The existing technologies for producing powders involve drying the feedstock and its subsequent grinding. Intensifying thermal processes by increasing temperatures has its limitations due to the thermolability of valuable components. High temperatures and long processing times cause significant chemical transformations in the components [18]. These changes lead to losses of bioactive compounds and decrease the quality of finished products. Therefore, we need to find ways to intensify the drying of the feedstock and preserve its useful properties. Among well-known methods are vacuum drying, increasing the particle fineness of the material, as well as non-traditional methods (freeze drying, microwave drying, infrared drying, etc.) [19–21].
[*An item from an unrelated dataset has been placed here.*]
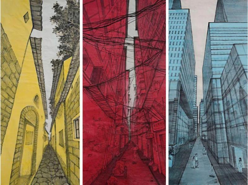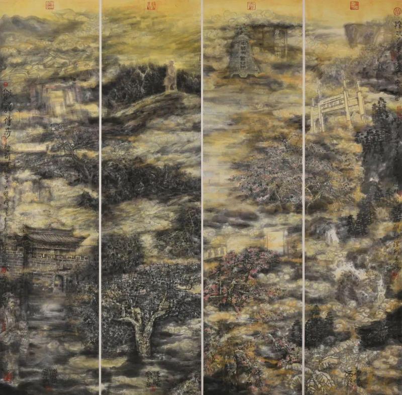 海岩宿千《城韵传奇-鹏城记忆2》138×35cm×4 纸本设色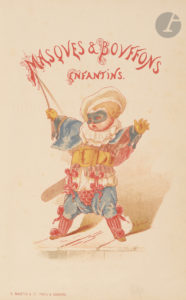 COINCHON (Albert). — Masques et bouffons enfantins. — Album alphabétique & artistique. A. Martin & C°. Paris & Londres. [Vers 1870]. In-4 (30 x 21,8 cm). 1 f. de titre, 1 f. de titre illustré, 26 planches lithographiées en couleurs :...

In this paper, we propose combining vacuum drying and vibration grinding in one apparatus to produce Jerusalem artichoke powder [22, 23]. Vacuuming helps increase moisture evaporation at low temperatures to preserve the valuable components of the feedstock. Vibromixing helps equalize temperature and humidity in the apparatus. Using grinding media increases the constant drying rate period to almost complete dehydration of the product.

We aimed to study the kinetics of drying Jerusalem artichoke tubers in a vacuum vibromixing mill dryer (VVMD) and to determine the chemical composition of the resulting powder.

To achieve this aim, we set the following objectives:

– study the influence of vacuum, vibration, and grinding on the kinetics of drying Jerusalem artichoke tubers;

– construct experimental drying curves and drying rate curves for Jerusalem artichoke tubers;

– provide a mathematical description of drying in the VVMD;

– analyze changes in the molecular mobility of the feedstock and the powders obtained under different drying conditions;

– determine the chemical composition of the feedstock and the powder obtained in the VVMD;

– assess the effectiveness of the developed technology compared to other methods of drying Jerusalem artichoke tubers; and

– suggest promising directions for the commercial application of the obtained powder.

STUDY OBJECTS AND METHODS

Samples preparation. The study object was Jerusalem artichoke (Helianthus tuberosus L.) of a large-fruited “Skorospelka” variety harvested in 2018.
Its spherical tubers have smooth white skin (Fig. 1).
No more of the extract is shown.